Whereas making delicate lace by hand is tedious, time consuming work that will make you feel as though you are losing your eyesight with each stitch, creating lace embroidery via your embroidery machine can be fun, exciting and best of all turn out an amazing product.  Of course lace making reached its highest demand in the 18th century when just about every woman wore lace regardless of her public standing. For a good while there, every country had its lacemaking center especially Italy, Belgium and of course France. By prohibiting imported lace, even England had its lace embroidery makers who worked very diligently to supply their aristocracy in lace! Research will turn up that even soldiers wore lace cravats (men’s ties) then and lacking a tie pin, they used their shirt buttons to hold down their lace cravats, lest they damage the fine lace.

Even today, hand lace embroidery is extremely expensive. A trip to France’s Alençon for example will turn up that a square inch of fine handmade lace will cost you approximately $1,500 American dollars! Granted it is so fine that one needs an eyeglass to see the individual threads in it, but such work is rare today! These “true” lace creations sometimes take years to make, and if you wish you may learn the difference between netting lace, needle lace and bobbin lace, all of which have to do with how it is created.

Then there is also cutwork. In cutwork, what happens is that actual threads are being removed from a woven background. Those removed threads, when done by hand, are then used to wrap or fill with embroidery. Our embroidery machines of today are able to do this kind of work, and the results are positively awesome!

Those who seriously wish to learn more about lace embroidery can join a great number of groups who have lace devotees. If you wish to join, merely do a “search” in your favorite search engine for groups such as, The Embroider’s Guild of America, Golden Bobbins, Handweavers Guild of America, or The Lace Guild, which is located in Britain.
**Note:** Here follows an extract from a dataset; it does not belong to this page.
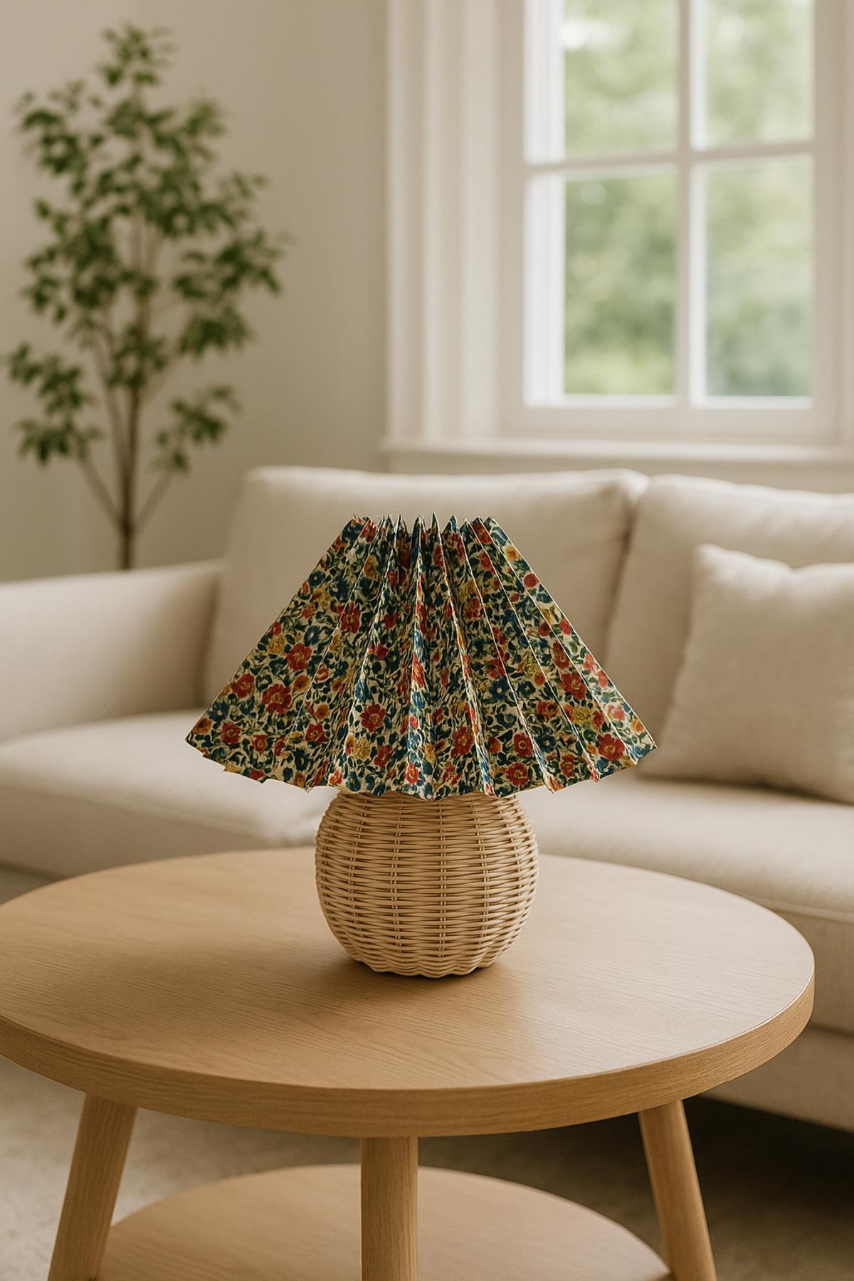 Flower Abajur Umbrella Pileli Abajurlu Hasır Gövdeli

It is staggering to know that they currently have over 5,000 members scattered throughout the world. The Lace Guild will even assess the proficiency of any individual who makes lace. Those in the guild are very serious about lace embroidery and you’ll find them exceedingly helpful if you desire additional information about lace making for there are hundreds of different types of lace!
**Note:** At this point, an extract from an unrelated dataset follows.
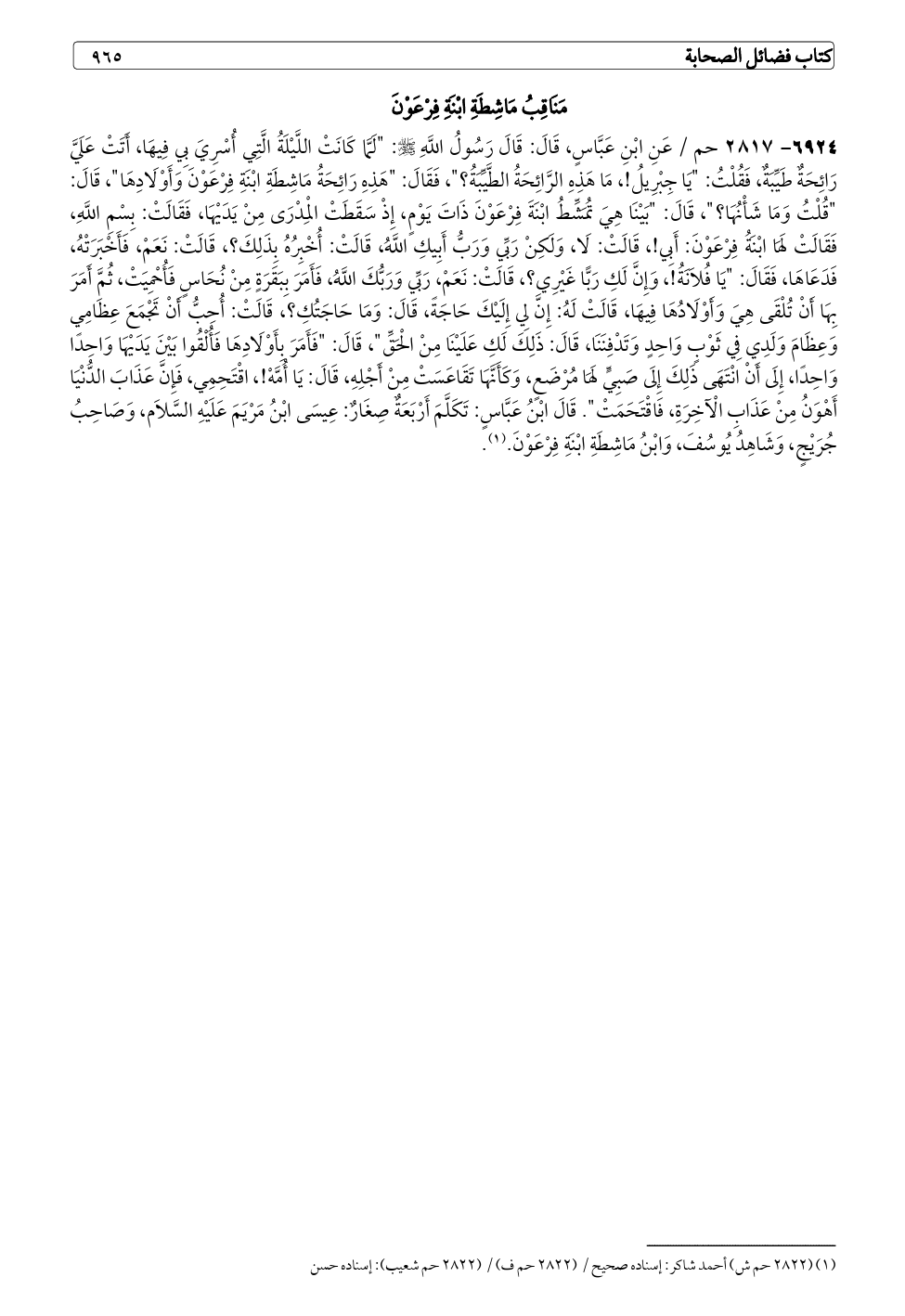 ٦٩٢٤ - ٢٨١٧ حم / عَنِ ابْنِ عَبَّاسٍ، قَالَ: قَالَ رَسُولُ اللَّهِ - صلى الله عليه وسلم -: "لَمَّا كَانَتْ اللَّيْلَةُ الَّتِي أُسْرِيَ بِي فِيهَا، أَتَتْ عَلَيَّ رَائِحَةٌ طَيِّبَةٌ، فَقُلْتُ: "يَا جِبْرِيلُ!، مَا هَذِهِ الرَّائِحَةُ الطَّيِّبَةُ؟ "، فَقَالَ: "هَذِهِ رَائِحَةُ مَاشِطَةِ ابْنَةِ فِرْعَوْنَ وَأَوْلَادِهَا"، قَالَ: "قُلْتُ وَمَا شَأْنُهَا؟ "، قَالَ: "بَيْنَا هِيَ تُمَشِّطُ ابْنَةَ فِرْعَوْنَ ذَاتَ يَوْمٍ، إِذْ سَقَطَتْ الْمِدْرَى مِنْ يَدَيْهَا، فَقَالَتْ: بِسْمِ اللَّهِ، فَقَالَتْ لَهَا ابْنَةُ فِرْعَوْنَ: أَبِي!، قَالَتْ: لَا، وَلَكِنْ رَبِّي وَرَبُّ أَبِيكِ اللَّهُ، قَالَتْ: أُخْبِرُهُ بِذَلِكَ؟، قَالَتْ: نَعَمْ، فَأَخْبَرَتْهُ، فَدَعَاهَا، فَقَالَ: "يَا فُلَانَةُ!، وَإِنَّ لَكِ رَبًّا غَيْرِي؟، قَالَتْ: نَعَمْ، رَبِّي وَرَبُّكَ اللَّهُ، فَأَمَرَ بِبَقَرَةٍ مِنْ نُحَاسٍ فَأُحْمِيَتْ، ثُمَّ أَمَرَ بِهَا أَنْ تُلْقَى هِيَ وَأَوْلَادُهَا فِيهَا، قَالَتْ لَهُ: إِنَّ لِي إِلَيْكَ حَاجَةً، قَالَ: وَمَا حَاجَتُكِ؟، قَالَتْ: أُحِبُّ أَنْ تَجْمَعَ عِظَامِي وَعِظَامَ وَلَدِي فِي ثَوْبٍ وَاحِدٍ وَتَدْفِنَنَا، قَالَ: ذَلِكَ لَكِ عَلَيْنَا مِنْ الْحَقِّ"، قَالَ: "فَأَمَرَ بِأَوْلَادِهَا فَأُلْقُوا بَيْنَ يَدَيْهَا وَاحِدًا وَاحِدًا، إِلَى أَنْ انْتَهَى ذَلِكَ إِلَى صَبِيٍّ لَهَا مُرْضَعٍ، وَكَأَنَّهَا تَقَاعَسَتْ مِنْ أَجْلِهِ، قَالَ: يَا أُمَّهْ!، اقْتَحِمِي، فَإِنَّ عَذَابَ الدُّنْيَا أَهْوَنُ مِنْ عَذَابِ الْآخِرَةِ، فَاقْتَحَمَتْ". قَالَ ابْنُ عَبَّاسٍ: تَكَلَّمَ أَرْبَعَةٌ صِغَارٌ: عِيسَى ابْنُ مَرْيَمَ عَلَيْهِ السَّلَام، وَصَاحِبُ جُرَيْجٍ، وَشَاهِدُ يُوسُفَ، وَابْنُ مَاشِطَةِ ابْنَةِ فِرْعَوْنَ. (¬١).

Machine lace is certainly not new, as the first lace machine came out in the 1700’s! In fact the first patent for a lace machine was taken out all the way back in 1808 and was held by a John Heathcoat. It used a tambour chain stitch also known as simply a needle stitch.

Of course, once machinery was used to manufacturer lace, demand for lace quickened, and what’s interesting is that lace is still in high demand today. Fashions have changed, but ladies still love lace for the feminine beauty attributed to it.